**What to produce:**
Each line from the one containing "刚才说到的光影艺术,在车内部" through the last line of the data below should be printed exactly, please, with any pictures omitted.

**Given information:**
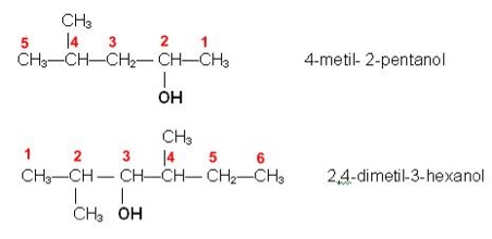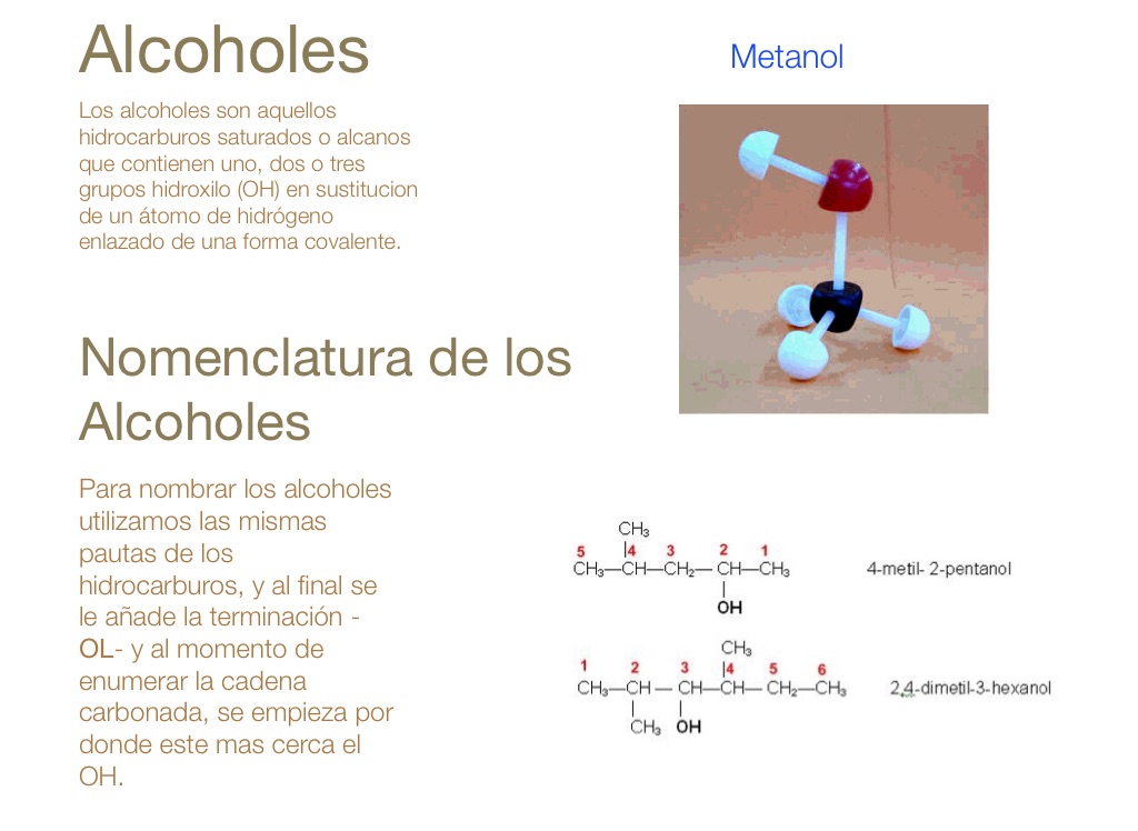 Para nombrar los alcoholes utilizamos las mismas pautas de los hidrocarburos, y al final se le añade la terminación -OL- y al momento de enumerar la cadena carbonada, se empieza por donde este mas cerca el OH.
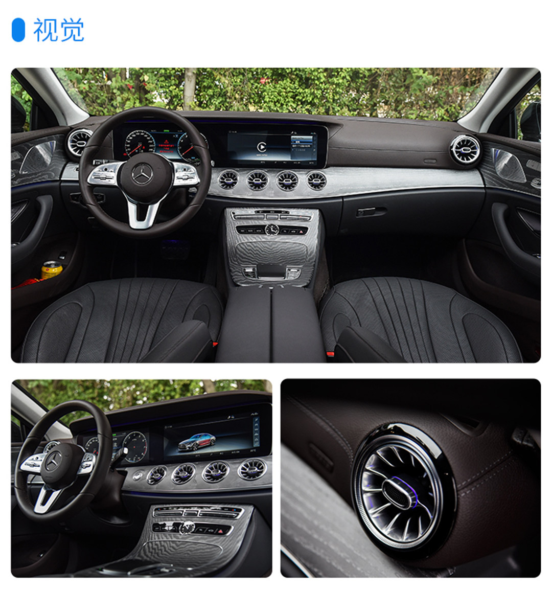 刚才说到的光影艺术,在车内部分奔驰就很有话语权了,64色的氛围灯与S级一样炫彩夺目,就连空调出风口内部也能泛着一圈蓝色光晕,我们戏称它为“燃气炉”。
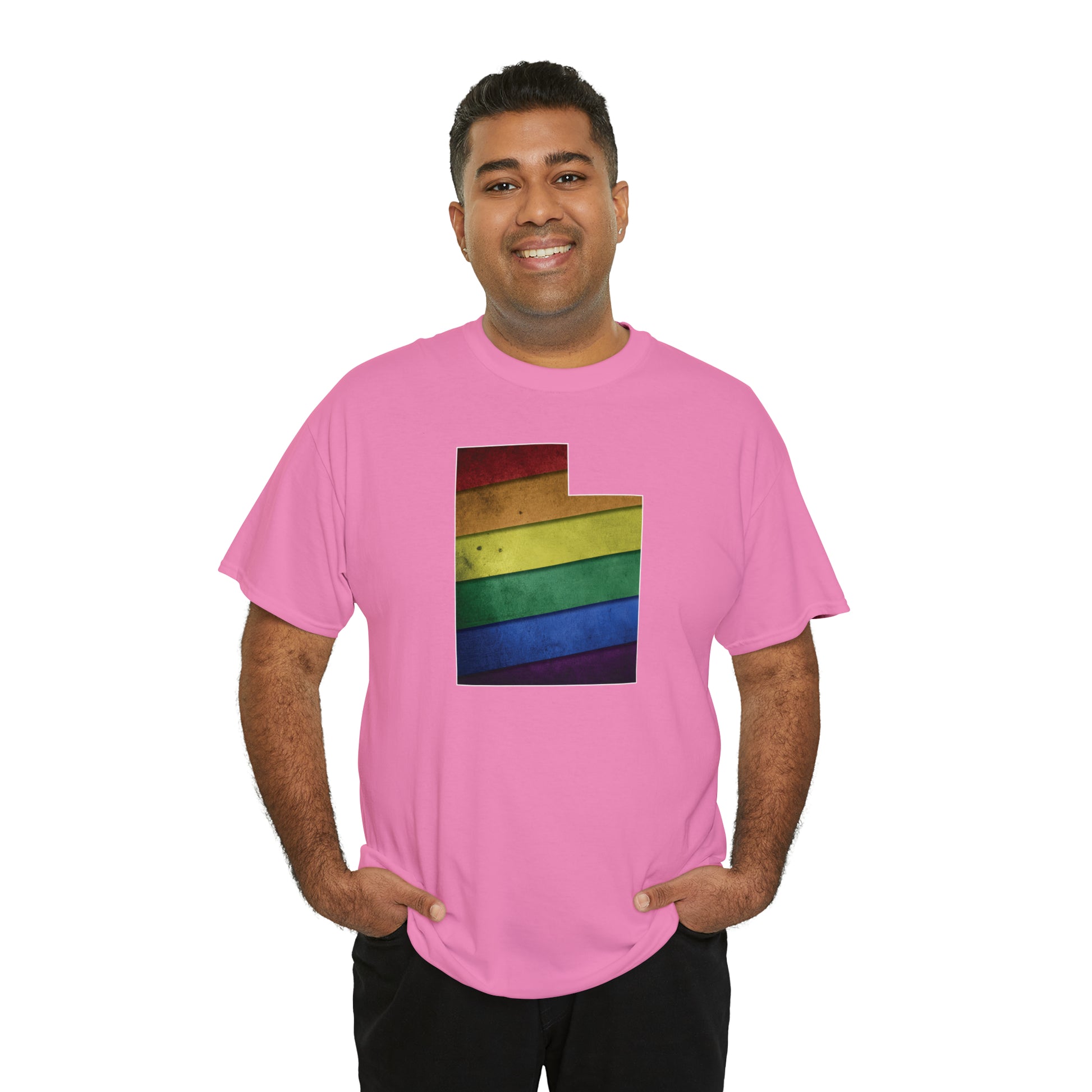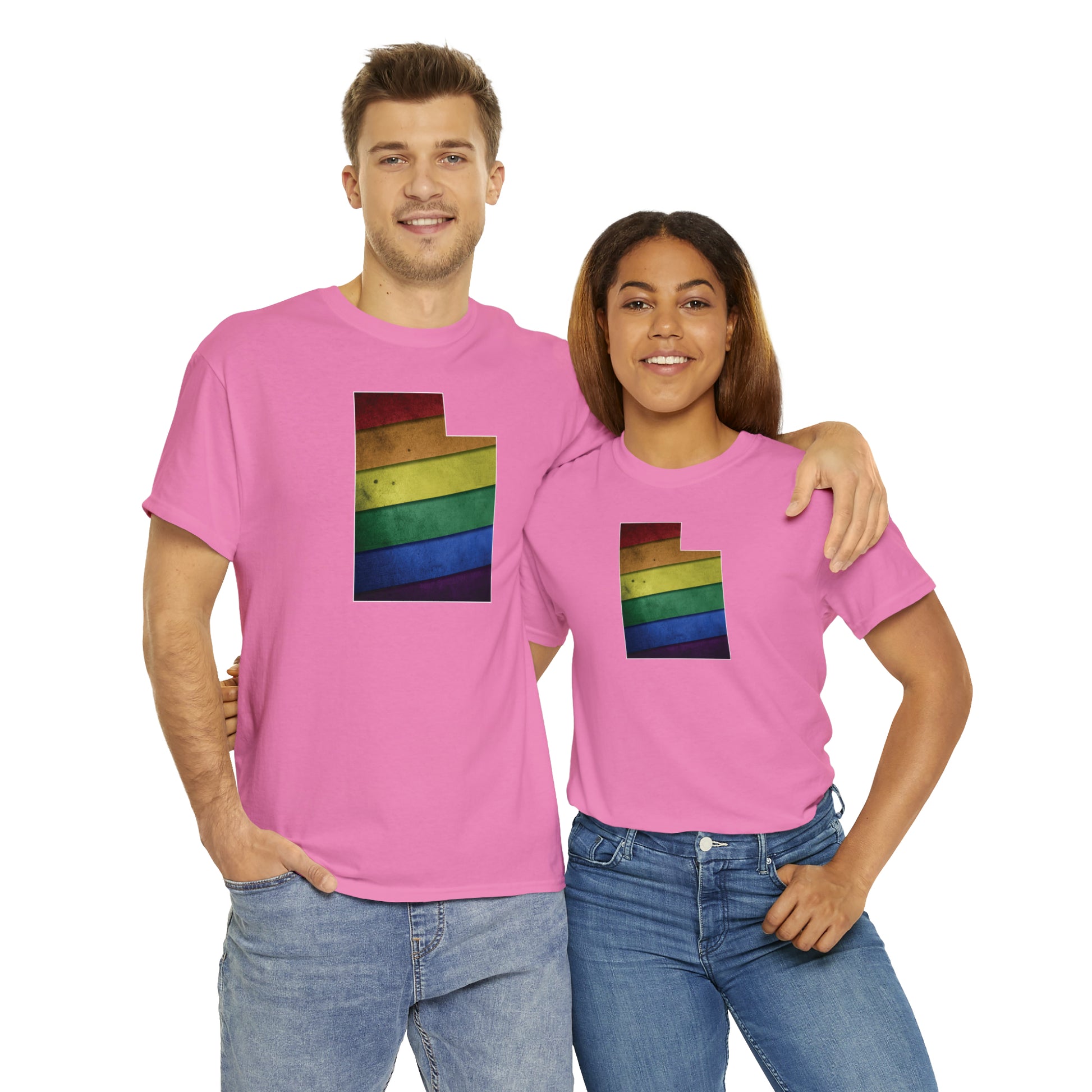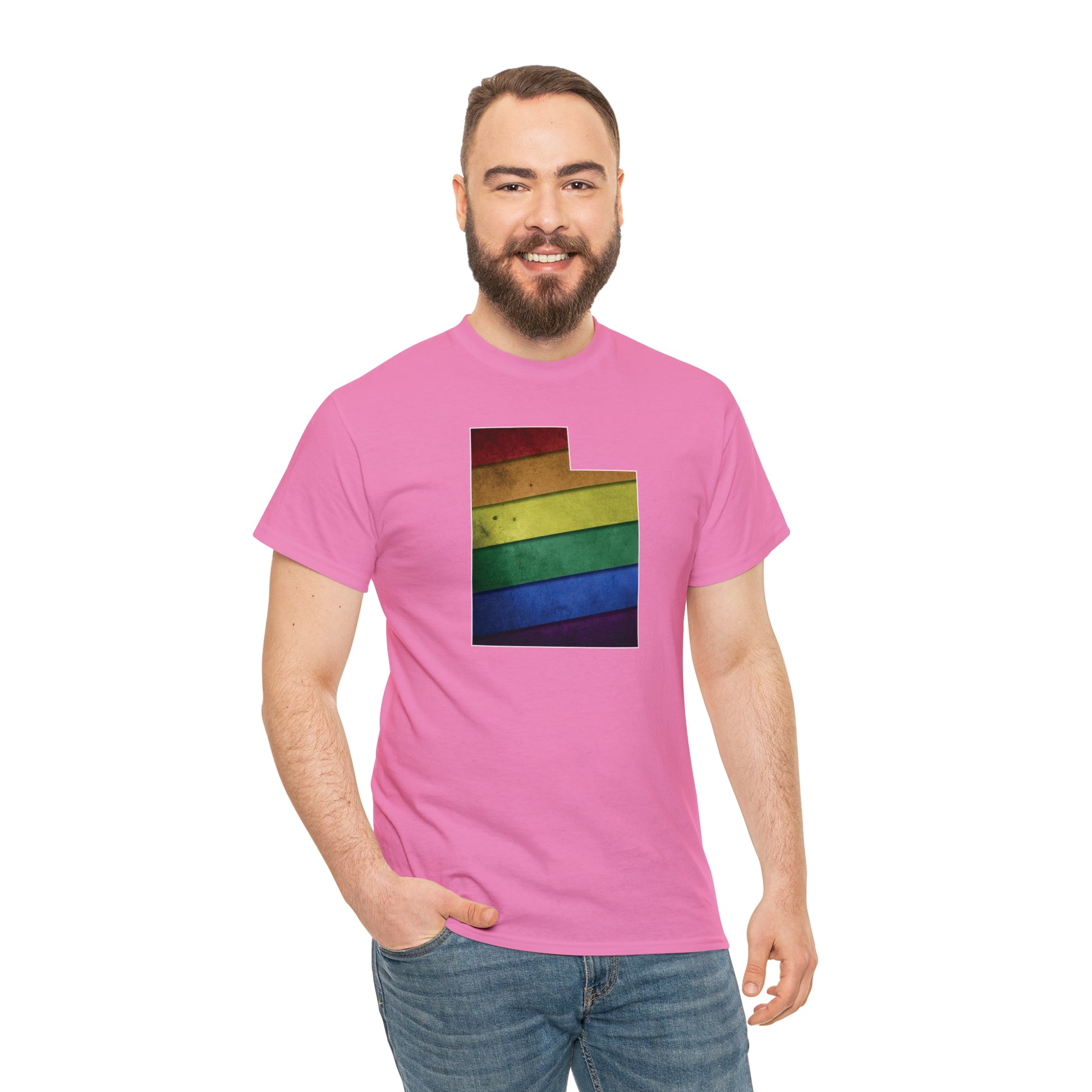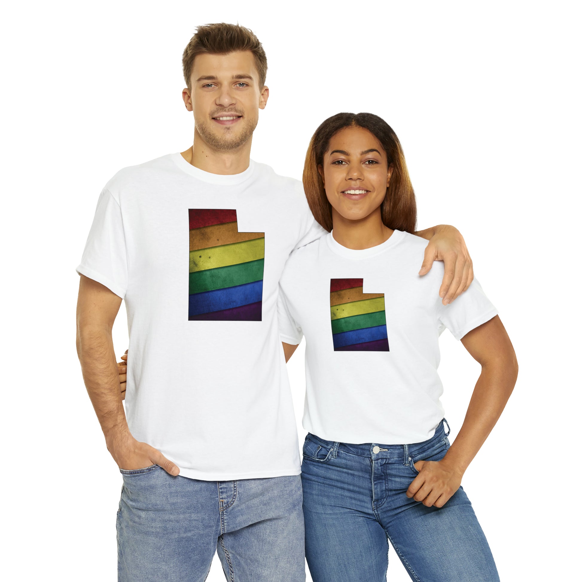 UTAH! Celebrate Pride Month! Let your colors fly with this soft, comfortable premium pride shirt. A rainbow state of Utah is front and center, with an artistic and visually captivating background. This commemorative tee completes any outfit. And it makes a terrific souvenir to remind you of the festivities for years to come! The shirt comes in several loud and proud colors with sizes up to 5XL!

**Your solution:**
 刚才说到的光影艺术,在车内部分奔驰就很有话语权了,64色的氛围灯与S级一样炫彩夺目,就连空调出风口内部也能泛着一圈蓝色光晕,我们戏称它为“燃气炉”。
 UTAH! Celebrate Pride Month! Let your colors fly with this soft, comfortable premium pride shirt. A rainbow state of Utah is front and center, with an artistic and visually captivating background. This commemorative tee completes any outfit. And it makes a terrific souvenir to remind you of the festivities for years to come! The shirt comes in several loud and proud colors with sizes up to 5XL!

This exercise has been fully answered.